▶ _WHAT NEEDS TO BE DONE_
Nothing but the lines from the one containing "We recommend vacuuming" through the end of the data below should appear in the answer, each exact and free of pictures.

Stored dataset items
------

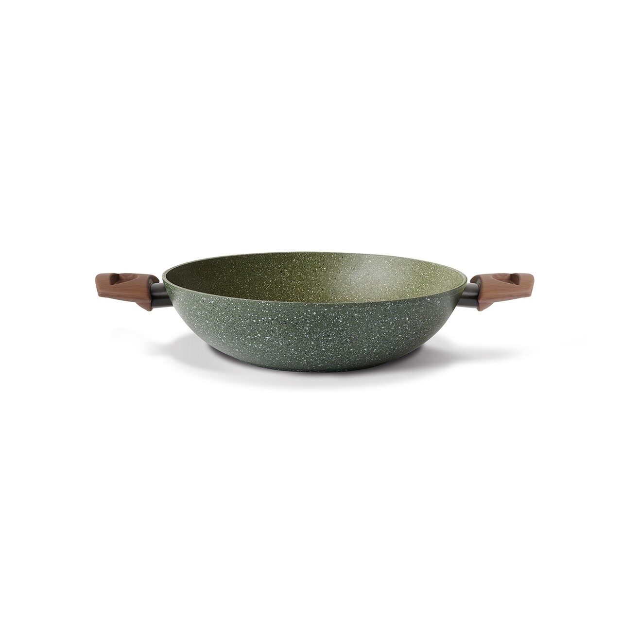 Tigaie Wok pentru inductie TVS Natura antiaderenta, cu manere din bachelita, 32 cm Ø
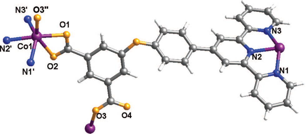 The asymmetric unit contains one Co(II) atom and one fully deprotonated L2− ligand. The geometry around the Co1 atom can be described as a distorted octahedral geometry, and is coordinated by three nitrogen atoms from one L2− ligand and three oxygen atoms form two different L2− ligands. O1, O2, O3 and N2 atoms comprise the equatorial plane, while N1 and N3 occupy the axial positions. The Co1—N bond lengths are from 2.076(2) to 2.152(2) Å, and the Co1—O bond lengths fall in the range 2.021(2)−2.292(2) Å, similarly to previous reports [9, 10] . The two carboxylate groups of the L2− ligand show chelating and monodentate coordination mode, respectively. The chelating carboxylate group and pyridyl nitrogen atoms of L2− ligand bridged adjacent Co1 atoms to give rise to an infinite one-dimensional chain. Adjacent chains are linked through another monodentate carboxylate group to generate two-dimensional layer. The neighboring layers are further linked by hydrogen bonds (C—H—O, H25—O3 2.344(2) Å) to form three-dimensional network.
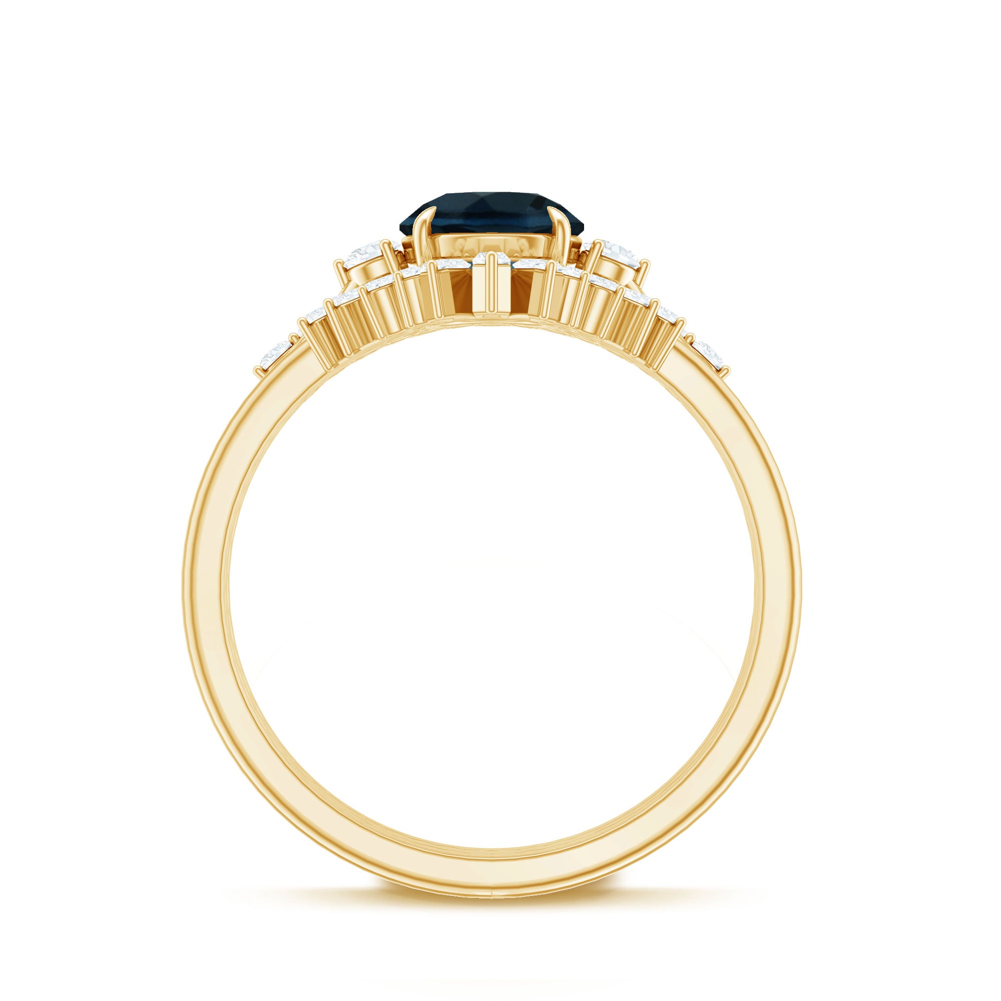Resembling a relic from bygone days, this London Blue Topaz Bridal Ring Set narrates a tale of everlasting love and beauty. It features a 7 MM round cut London Blue Topaz, securely held in a claw setting. Flanking each side, a radiant diamond contributes the ideal amount of sparkle, enhancing the balance and elegance of the engagement ring. What distinguishes this Blue Topaz Wedding Ring Set is the inclusion of two enhancer bands. One band showcases a combination of round and baguette diamonds, exuding a striking sparkle that is both bold and timeless. The other band is adorned with round diamonds, adding a touch of grace. Collectively, they beautifully frame the central blue topaz ring, creating a stacked appearance that is both dramatic and romantic. This Trio Bridal Ring Set is designed for brides who appreciate a vintage aesthetic while desiring a hint of modernity. Whether you cherish heirloom details or simply seek a ring that makes a statement, this Engagement Ring with Enhancers offers an exquisite fusion of classic elegance and contemporary sparkle. A genuine testament to love, style, and enduring beauty.
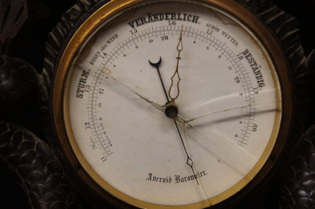 Antique Aneroid Wall Hanging Beveled Glass Barometer Ebony Dolphin Fruit Frame
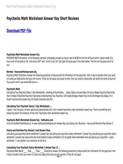 Answer the following questions to help provide the information for the paycheck. All you need is an internet connection. Web paychecks math worksheet answer key :
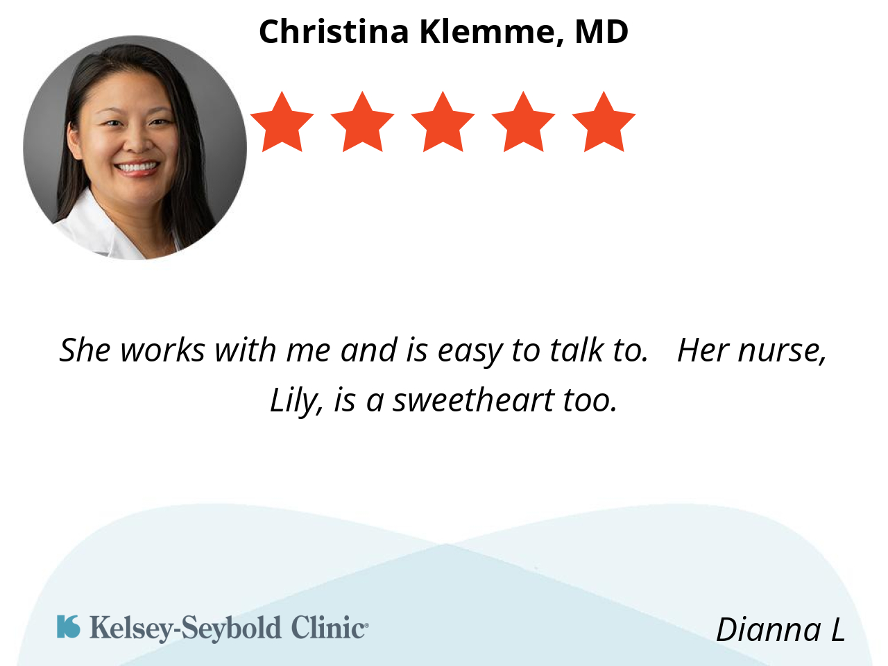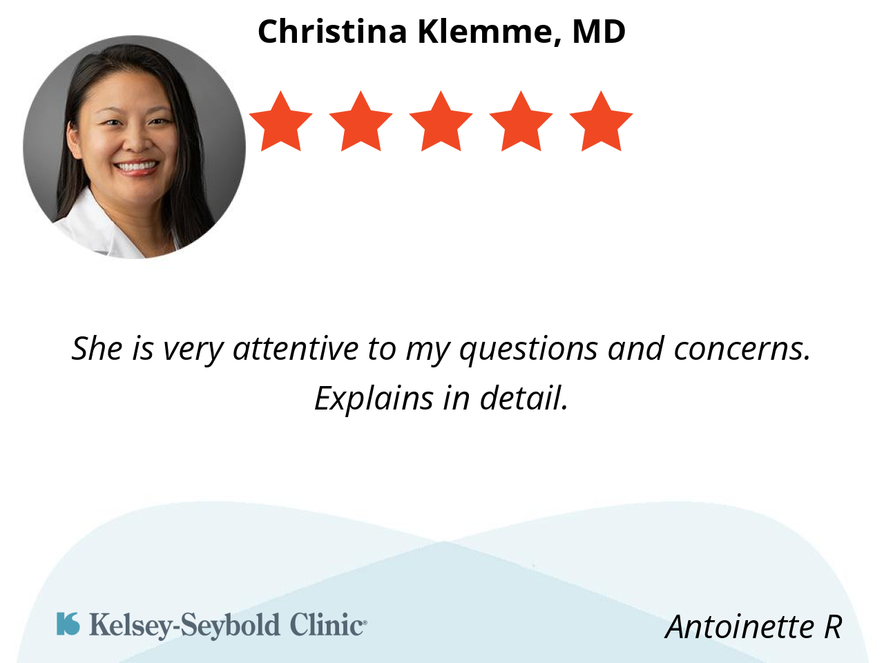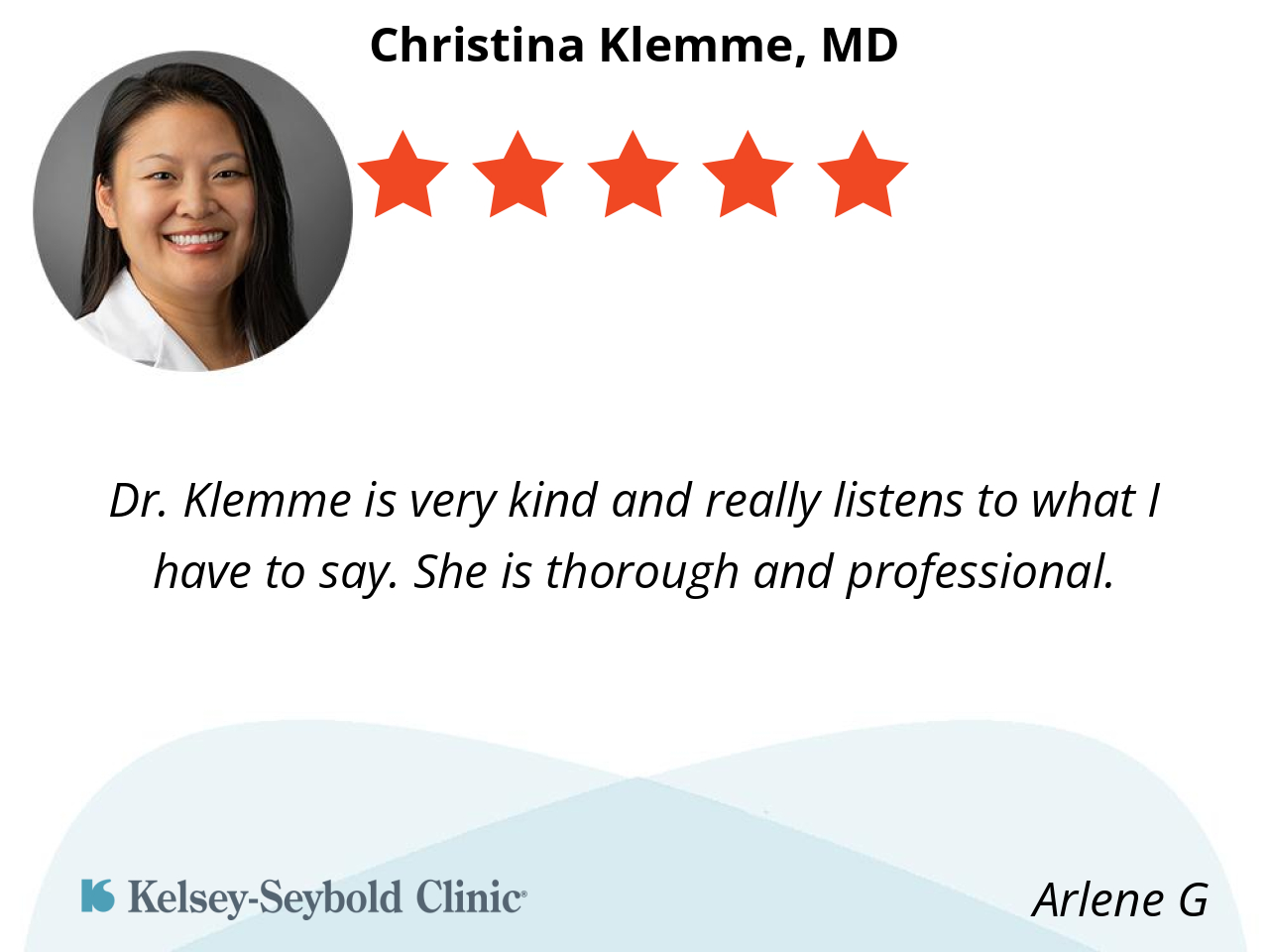 I had a different doctor for about 10 years. Two years ago, I chose Kelsey and became Dr. Klemme's patient. Dr. Klemme is very patient, answers my questions, and explains things in a way that I can understand. I am Japanese and elderly, so it was difficult for me to communicate with my doctor in the past. Dr. Klemme is a wonderful doctor who clearly explains my health condition. I respect Dr. Klemme very much. Reiko Smith
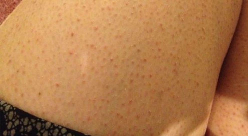 Фолликулит имеет симптомы, похожие на угревую сыпь, с небольшими бугорками на коже пораженного участка.
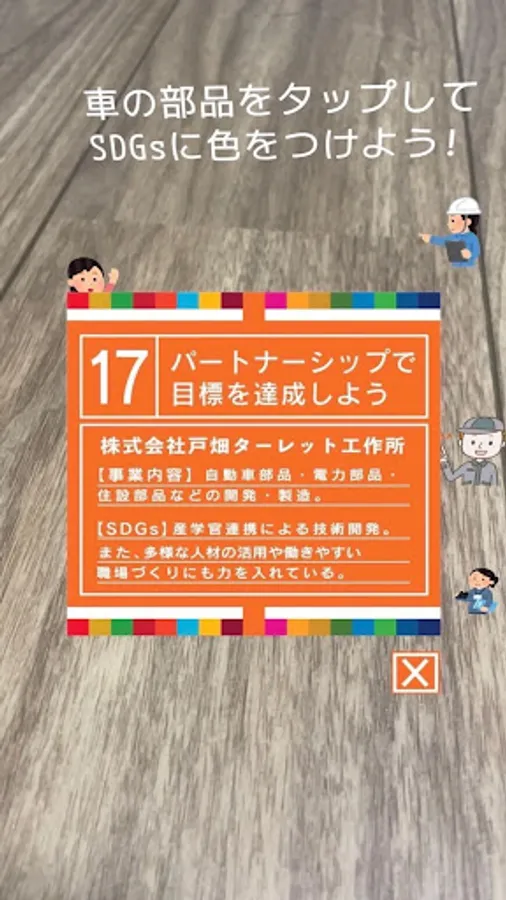 When you tap the parts on the screen, the SDGs logo mark will be colored, and when all the colors are applied, the car will be completed. .
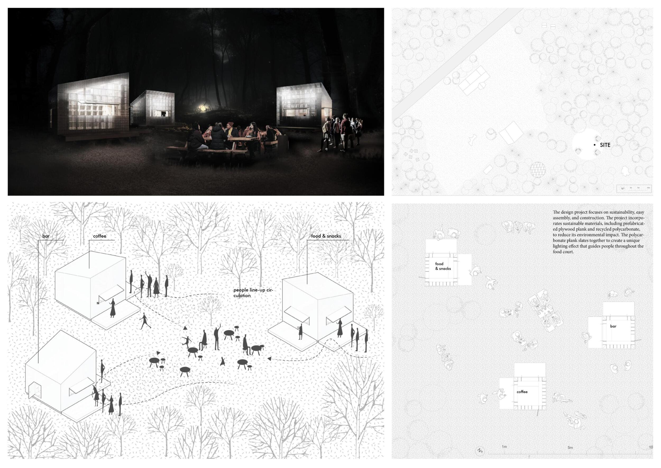 Re(treat) is a proposal for a modular food court consisting of three units sized 3 meters by 3 meters and constructed of locally-sourced timber and upcycled materials. These units serve as an inviting and versatile space for festival goers, as well as a comfortable and versatile space for vendors. It is laid out to ensure no trees are impacted.
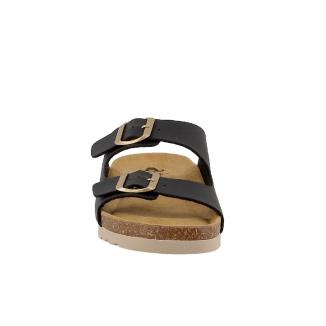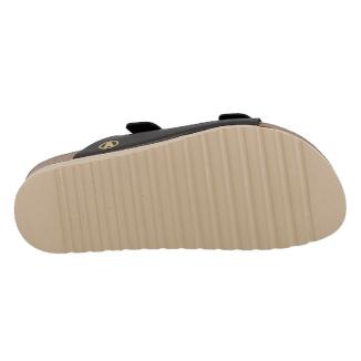 Slipin sandal Tia från Axelda i svart syntet på lätt kiklack.. Tillverkad med skinnklädd sula, fotbädden gjord med latexmaterial i kärnan vilket ger en extra stötdämpande effekt! Extra kudde i fotbädden motverkar hälsporre. Sula i Eva. Ovandel av syntetmaterial klädd med skön textil invändigt och två ställbara remmar för bästa passform .
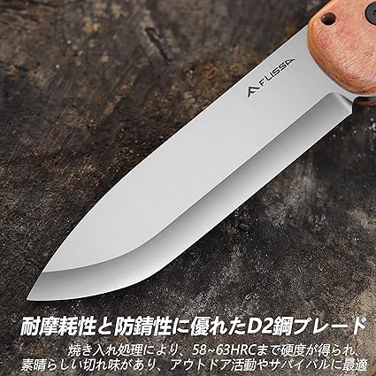 FLISSA アウトドアナイフ シースナイフ D2鋼ブレード フルタング構造 天然ウッドハンドル キャンプ ナイフ 薪割り 登山 徒歩 DI
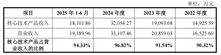 招股书显示,公司核心技术应用于芯片测试接口和探针卡,报告期内公司的核心技术产品收入占整体营收的90.32%、91.54%、96.82%、94.33%。
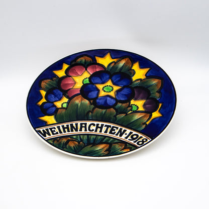 The special wall plate with the inscription "Christmas 1918" was designed by Hans Christian Joachim in 1918 for the faience factory Aluminia / Royal Copenhagen in Denmark. The word "Alemania" is stamped on the back. It was therefore intended for export to Germany.
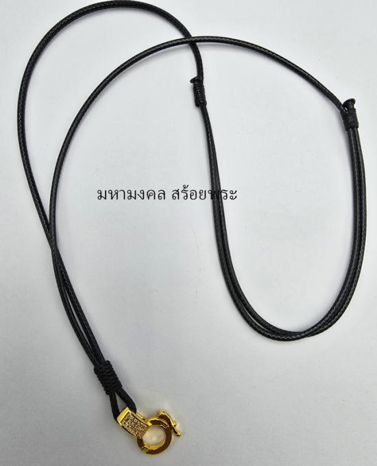 สร้อยหนังถัก ขนาด 2 มิล เชือกปรับได้ พร้อมรังดุมฝังพลอย ตามรูปคับ ห้อยพระติดคอได้เลย |
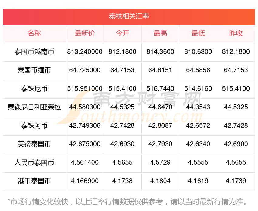 根据2025年11月18日汇率,泰铢兑换新西兰元汇率最新价0.054429,今开价0.0544,昨收价0.0545,最高价0.0546,最低价0.0544。
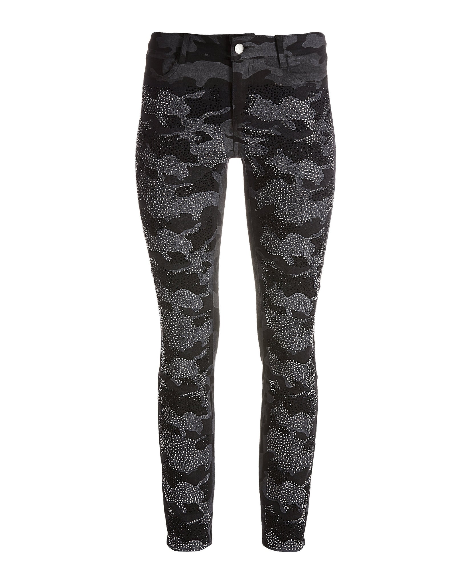 Crystal Embellished Camo Ankle Jean Black/Gray
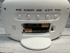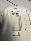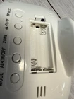 This is a cordless atomic digital alarm clocks with blue backlit LCD displays. Mint pre-owned condition - tested and working. Excellent cosmetic condition. Requires 2 AAA batteries for power. The clock measures approximately 5-1/8" wide x 3-1/2" tall x 2-/4" depth. Features an easy to read 1" tall clock digits and show the time zone, day and date along with the indoor room temperature. There is a blue LED backlight for checking the time in the dark. Please see pictures for more information. Thank you for looking. Have a great day.
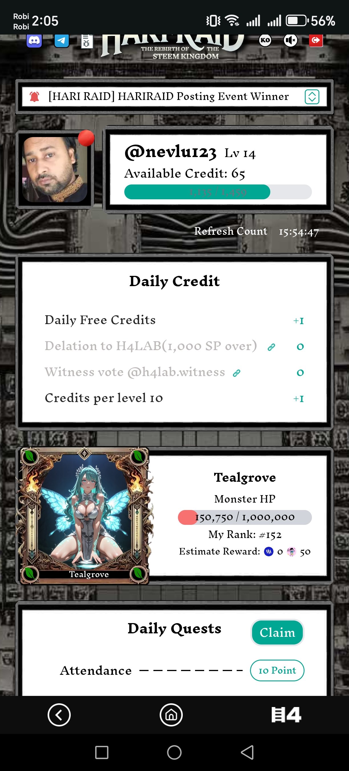 Today my level was 14 also cradit was 65 also monster hp 150750/1000000.Also i claim 10 points.
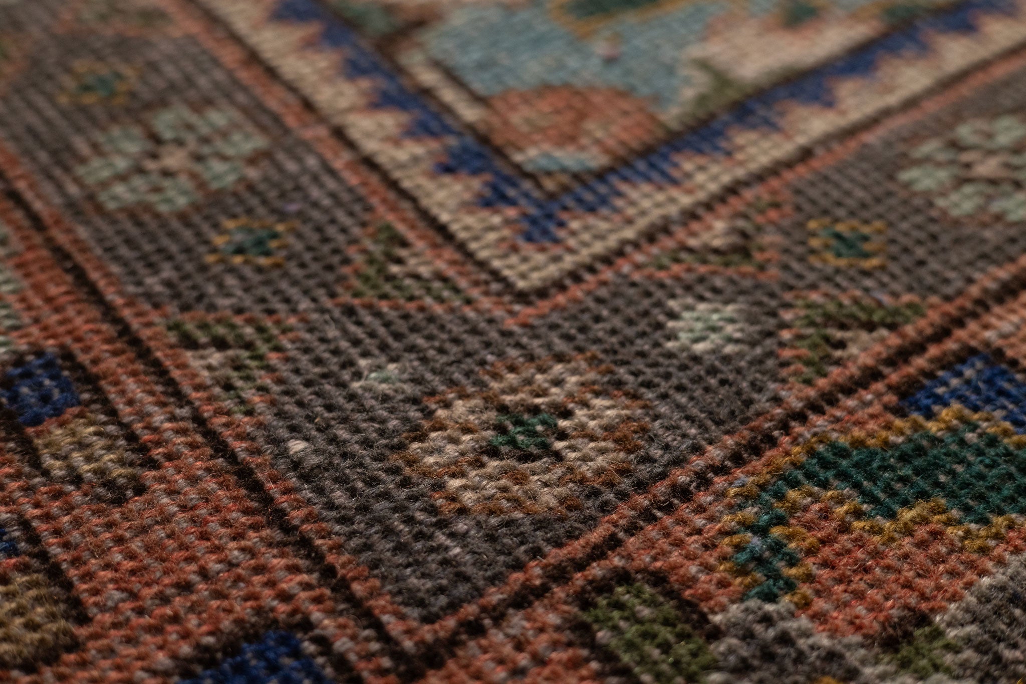 We recommend vacuuming your vintage rug once or twice a month to remove dust and dirt. Use a suction-only vacuum or an attachment without a rotary brush, as this protects the wool fibers and hand-knotted foundation from unnecessary wear.
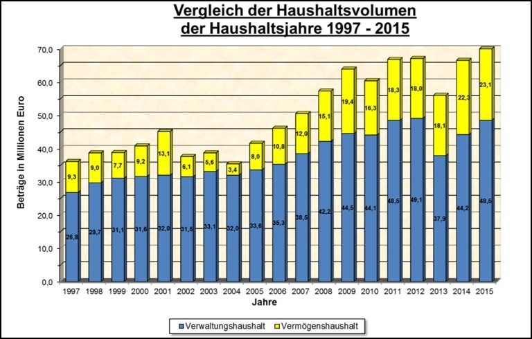So hat sich das Haushalts-Volumen über die Jahre entwickelt: blau der Anteil des Verwaltungs-, gelb der des Vermögenshaushalts am Gesamt-Etat.
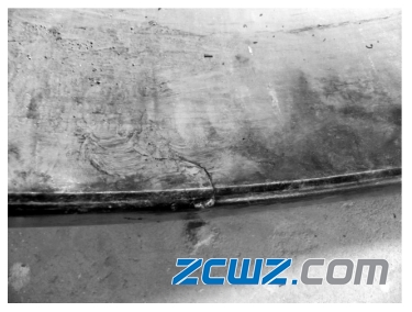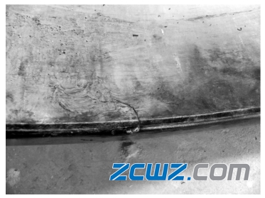 一裂紋從外圈端面延伸至滾道表面( 圖 5) ;外圈滾道上運(yùn)轉(zhuǎn)軌跡發(fā)生偏斜,一側(cè)磨痕靠近一端面倒角處,另一側(cè)磨痕距另一側(cè)端面處約30 mm,滾道表面有燒傷現(xiàn)象,如圖 6 所示。

------

▶ _ANSWER SECTION_
 We recommend vacuuming your vintage rug once or twice a month to remove dust and dirt. Use a suction-only vacuum or an attachment without a rotary brush, as this protects the wool fibers and hand-knotted foundation from unnecessary wear.
So hat sich das Haushalts-Volumen über die Jahre entwickelt: blau der Anteil des Verwaltungs-, gelb der des Vermögenshaushalts am Gesamt-Etat.
 一裂紋從外圈端面延伸至滾道表面( 圖 5) ;外圈滾道上運(yùn)轉(zhuǎn)軌跡發(fā)生偏斜,一側(cè)磨痕靠近一端面倒角處,另一側(cè)磨痕距另一側(cè)端面處約30 mm,滾道表面有燒傷現(xiàn)象,如圖 6 所示。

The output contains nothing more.